The Symptoms: A Closer Look
- Mood: Poor sleep hygiene leads to an overactive amygdala (the part of our brain responsible for regulating emotions). Without the ability to objectively process their emotions, the school-aged child can become irritable, cranky, and easily frustrated by simple tasks.
- Behavior: It’s been observed that the symptoms of sleep deprivation and ADHD mirror each other. For ages 6-18, missing out on those 10 hours can lead to an increase in distractibility, impulsivity, and hyperactivity.
- Cognitive Function: Another area of the brain highly influenced by sleep is the prefrontal cortex, one part of the brain that is key in executive functions such as learning and retaining new material. During sleep, new connections are consolidated and strengthened in this region. If this processing time is cut short, our memory, attention span, decision making, and creativity all suffer the consequence.
- Anxiety: Even if your students don’t identify as being “stressed”, it doesn’t mean their bodies aren’t. Increased stress releases cortisol, also known as the “fight or flight” hormone, into the body to support its “survival” functioning. Too much cortisol can trigger anxiety (and shut down other parts of the brain).
Winning the War: Ways to Fight for Better ZZZ’s on Behalf of Kids
- Keep Them Moving: Getting at least an hour of exercise during the day leads to better sleep at night.
- Stay Curious & Positive. If you notice that your child is constantly tired or is receiving reports of falling asleep in class, do some investigating to find out what’s getting in the way. Are they sick? Staying up on social media? Prone to nightmares? Show them you care and encourage positive solutions!

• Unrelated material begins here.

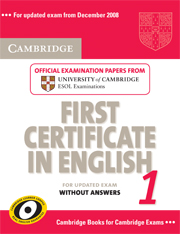 Cambridge University Press is the only official publisher of past papers from Cambridge ESOL. These official papers provide candidates with an excellent opportunity to familiarise themselves with the updated content and format of the FCE examination, to be introduced from December 2008. Attractive colour visual material for Paper 5 is included with each test, enabling students to prepare thoroughly for the paired interview. A 'with answers' edition also contains a comprehensive section of keys, transcripts of the recorded material, a guide to each paper and an insight into marking procedures and grading, with sample answers, making it ideal for self-study.
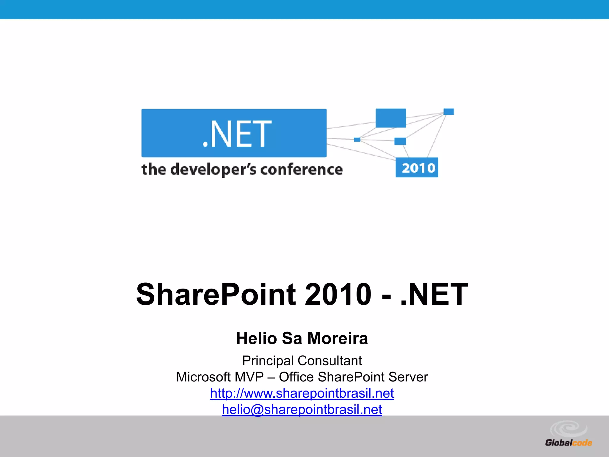 O documento apresenta uma visão geral das tecnologias do SharePoint 2010 e as vantagens para desenvolvedores, incluindo ferramentas de desenvolvimento como Visual Studio 2010 e SharePoint Designer. Também discute opções de acesso a dados, como REST APIs, ClientOM e ServerOM.

- Just Say “No” to Screen Time: See our upcoming blogs on the evidence-based effects of screen time and encourage children to power down at least one hour before bedtime (more if you’re seeing significant problems). Easier said than done when even homework is digital these days. If you know your kids have a lot of online homework, encourage them to complete it as soon as they get home. This allows more time for play before bed, too! Win-win!

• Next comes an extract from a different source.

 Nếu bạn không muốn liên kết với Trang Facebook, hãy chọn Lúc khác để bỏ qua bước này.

- Avoid Sugar & Caffeine: This one is self-explanatory. We’re trying to shut down the brain, not amp it up. As late afternoon approaches try to minimize sugar/soda/caffeine intake.
- Incorporate Mindfulness: As a bedtime ritual, try doing a family meditation to help power down the body and mind. If only one child seems to struggle, you can either do this in their room with them or as a family to build support as a group. This is a wonderful tool for spending quality time and teaching them to quiet their busy brain. Smiling Mind is a great app and has sleep meditations for different age groups. You can also reference our blog post on teaching calming strategies and incorporate some calming strategies into a bedtime routine.
Stay positive! Research has shown that adding as little as half an hour of sleep per night for school-age children makes it easier for them to manage their moods and behavior allowing them to focus on their schoolwork and perform at their best! Have a conversation with your family about the importance of healthy sleep practices. Having their buy-in is half the battle!
For more reading on caffeine and kids, check out The Caffeinated Brain and Anxiety. We also recommend reading Time Estimation in ADHD. If you need support in establishing good sleep habits for your kids, contact us for an assessment.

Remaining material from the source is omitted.